李治喃喃自語,眼中泛起淚光,“朕雖承繼大統,夙興夜寐,不敢懈怠,卻無以為報。做太子時,請求修寺建塔為母后祈福,獲父皇恩準,賜名“慈恩寺”和“大雁塔” 。今時若能在此洛陽伊闕鑿龕造像,供奉佛陀,為父皇祈求永世福報,護佑大唐江山永固,也算再盡一份孝心,了卻一樁大愿。”
隨行的洛州刺史賈敦頤隱約聽到皇上的意思,連忙上前躬身道:“陛下孝心感天動地!伊闕山石堅硬,實為造像佳處。自北魏遷都洛陽以來,此地便已開鑿石窟,佛法昌盛,至今已有百余年歷史,洞窟林立,佛像萬千。若能在此興建巨龕,規模遠超前代,既合陛下孝愿,又顯大唐氣象,使龍門之名更加遠播,實乃兩全其美之事!”

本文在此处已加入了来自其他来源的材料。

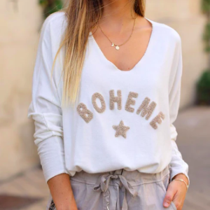 PULL BOHEME BRODE EN VISCOSE SANS LAINE ( 19 couleurs)

賈敦頤久居洛陽,對伊闕的歷史與地理了如指掌,深知高崖之上這片空位的價值,更明白帝王的孝愿背后,有著鞏固統治、凝聚民心的深意,以孝治天下,以佛安民心,正是盛世王朝的穩固之道。
李治微微頷首,腳步未停,沿著山壁間的小徑前行,想要細細看一看這里的造像。
窄狹小徑,往往僅容一人通過。巖壁上布滿了大小不一的佛龕,有的僅能容下一指高的小佛,有的高達數尺乃至逾丈,雕造精美,透著歷代信士的虔誠。
沿途不時看到前來朝拜的僧人與佛徒,他們見帝王駕到,紛紛行禮,眼神中含著敬畏與欣喜。
李治來到了古陽洞。這是伊闕開鑿最早的窟龕,由北魏孝文帝為祖母馮太后營造,已歷百余寒暑。洞口兩側的力士造像,身形健碩,袒胸露腹,肌肉虬結,神情威猛,雖經風雨侵蝕,衣紋的褶皺與面部的棱角仍清晰可辨,撼人的氣勢絲毫不減。洞口的題刻 “古陽洞” 三字,字體古樸蒼勁,顯系北魏書家手筆。
步入洞內,光線轉暗,借著洞口透進的天光,看到四壁佛龕密布,龕中有龕,琳瑯滿目,幾乎沒有一絲空隙。
正壁的主尊釋迦牟尼坐像,高可近丈,頂髻高聳,呈螺旋狀,面相長圓,下頜微收,身軀略為瘦削,身著褒衣博帶式袈裟,衣紋層層疊疊,線條流暢自然,交足結跏趺坐在方臺上,神情肅穆安詳,似在靜靜冥想。
兩側的脅侍菩薩,恭敬佇立,頭戴寶冠,冠上飾有蓮花、珠寶,面容清秀,眉如彎月,目若秋水,上身袒露,佩戴著瓔珞、臂釧,下著長裙,裙擺垂至蓮臺,姿態優美,溫婉動人。
“北魏造像,果然帶著幾分文雅之氣。”李治輕聲說道,目光掠過佛像的衣紋,“這褒衣博帶,正是中原士族服飾,與云岡石窟早期的通肩式袈裟不同,漢化的痕跡已然明顯。”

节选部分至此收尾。